Material shown:
-- Opening Marker --

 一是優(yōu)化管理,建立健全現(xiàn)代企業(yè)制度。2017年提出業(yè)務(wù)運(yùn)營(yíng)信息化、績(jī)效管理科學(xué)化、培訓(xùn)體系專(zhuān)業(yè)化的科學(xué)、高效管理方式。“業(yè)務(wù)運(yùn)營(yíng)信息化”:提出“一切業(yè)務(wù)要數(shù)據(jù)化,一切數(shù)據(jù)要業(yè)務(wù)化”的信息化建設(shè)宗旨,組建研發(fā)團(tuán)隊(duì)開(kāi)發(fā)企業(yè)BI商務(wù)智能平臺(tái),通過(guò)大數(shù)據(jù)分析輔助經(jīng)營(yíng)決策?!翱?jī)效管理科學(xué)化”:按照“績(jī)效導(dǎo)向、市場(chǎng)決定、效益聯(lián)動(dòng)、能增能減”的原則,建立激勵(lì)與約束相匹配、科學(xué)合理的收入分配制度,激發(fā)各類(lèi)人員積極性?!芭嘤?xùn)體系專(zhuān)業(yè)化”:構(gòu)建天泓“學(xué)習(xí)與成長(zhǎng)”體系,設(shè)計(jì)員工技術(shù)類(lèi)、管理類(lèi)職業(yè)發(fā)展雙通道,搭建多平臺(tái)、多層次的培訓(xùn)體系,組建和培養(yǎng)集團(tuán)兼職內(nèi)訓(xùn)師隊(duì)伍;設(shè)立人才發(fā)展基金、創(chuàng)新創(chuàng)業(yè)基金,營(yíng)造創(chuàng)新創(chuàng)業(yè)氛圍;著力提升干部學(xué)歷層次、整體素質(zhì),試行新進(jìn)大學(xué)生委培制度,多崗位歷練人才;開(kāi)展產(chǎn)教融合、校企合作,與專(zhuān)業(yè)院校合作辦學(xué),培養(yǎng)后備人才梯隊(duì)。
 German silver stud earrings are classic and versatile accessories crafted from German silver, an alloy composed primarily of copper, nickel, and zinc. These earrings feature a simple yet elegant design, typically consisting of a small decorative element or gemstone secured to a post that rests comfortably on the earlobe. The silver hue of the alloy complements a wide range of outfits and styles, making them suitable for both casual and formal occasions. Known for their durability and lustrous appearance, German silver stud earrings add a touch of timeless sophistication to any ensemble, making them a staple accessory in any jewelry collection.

-- Closing Marker --
-- Opening Marker --

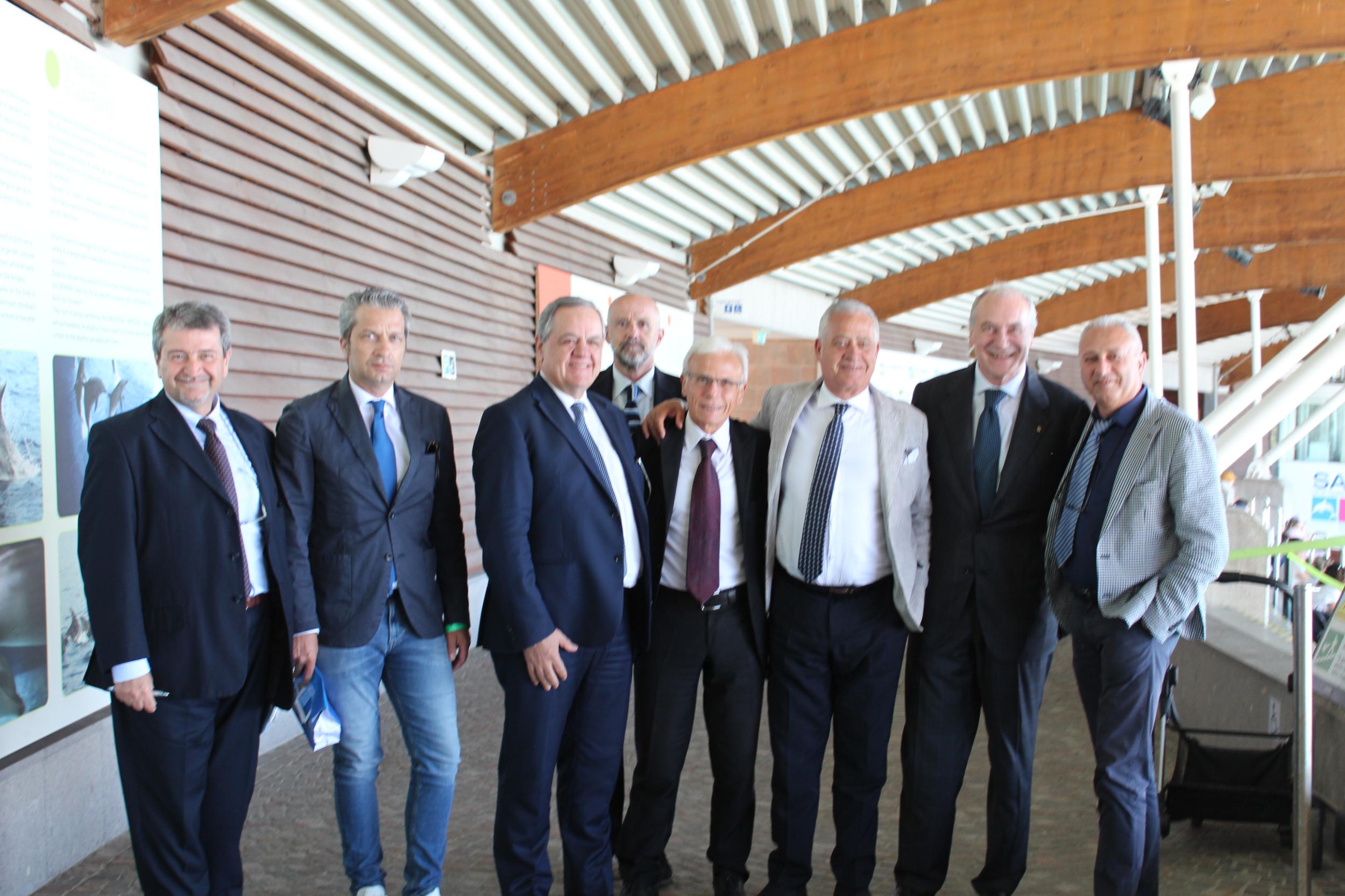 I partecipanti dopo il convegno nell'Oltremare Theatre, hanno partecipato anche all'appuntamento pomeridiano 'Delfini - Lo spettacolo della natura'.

-- Closing Marker --

Work item: In the data above, retype exactly and only the lines between the one holding "一是優(yōu)化管理,建立" and the one holding "German silver stud earrings are", inclusive.

Answer area:
 一是優(yōu)化管理,建立健全現(xiàn)代企業(yè)制度。2017年提出業(yè)務(wù)運(yùn)營(yíng)信息化、績(jī)效管理科學(xué)化、培訓(xùn)體系專(zhuān)業(yè)化的科學(xué)、高效管理方式。“業(yè)務(wù)運(yùn)營(yíng)信息化”:提出“一切業(yè)務(wù)要數(shù)據(jù)化,一切數(shù)據(jù)要業(yè)務(wù)化”的信息化建設(shè)宗旨,組建研發(fā)團(tuán)隊(duì)開(kāi)發(fā)企業(yè)BI商務(wù)智能平臺(tái),通過(guò)大數(shù)據(jù)分析輔助經(jīng)營(yíng)決策?!翱?jī)效管理科學(xué)化”:按照“績(jī)效導(dǎo)向、市場(chǎng)決定、效益聯(lián)動(dòng)、能增能減”的原則,建立激勵(lì)與約束相匹配、科學(xué)合理的收入分配制度,激發(fā)各類(lèi)人員積極性?!芭嘤?xùn)體系專(zhuān)業(yè)化”:構(gòu)建天泓“學(xué)習(xí)與成長(zhǎng)”體系,設(shè)計(jì)員工技術(shù)類(lèi)、管理類(lèi)職業(yè)發(fā)展雙通道,搭建多平臺(tái)、多層次的培訓(xùn)體系,組建和培養(yǎng)集團(tuán)兼職內(nèi)訓(xùn)師隊(duì)伍;設(shè)立人才發(fā)展基金、創(chuàng)新創(chuàng)業(yè)基金,營(yíng)造創(chuàng)新創(chuàng)業(yè)氛圍;著力提升干部學(xué)歷層次、整體素質(zhì),試行新進(jìn)大學(xué)生委培制度,多崗位歷練人才;開(kāi)展產(chǎn)教融合、校企合作,與專(zhuān)業(yè)院校合作辦學(xué),培養(yǎng)后備人才梯隊(duì)。
 German silver stud earrings are classic and versatile accessories crafted from German silver, an alloy composed primarily of copper, nickel, and zinc. These earrings feature a simple yet elegant design, typically consisting of a small decorative element or gemstone secured to a post that rests comfortably on the earlobe. The silver hue of the alloy complements a wide range of outfits and styles, making them suitable for both casual and formal occasions. Known for their durability and lustrous appearance, German silver stud earrings add a touch of timeless sophistication to any ensemble, making them a staple accessory in any jewelry collection.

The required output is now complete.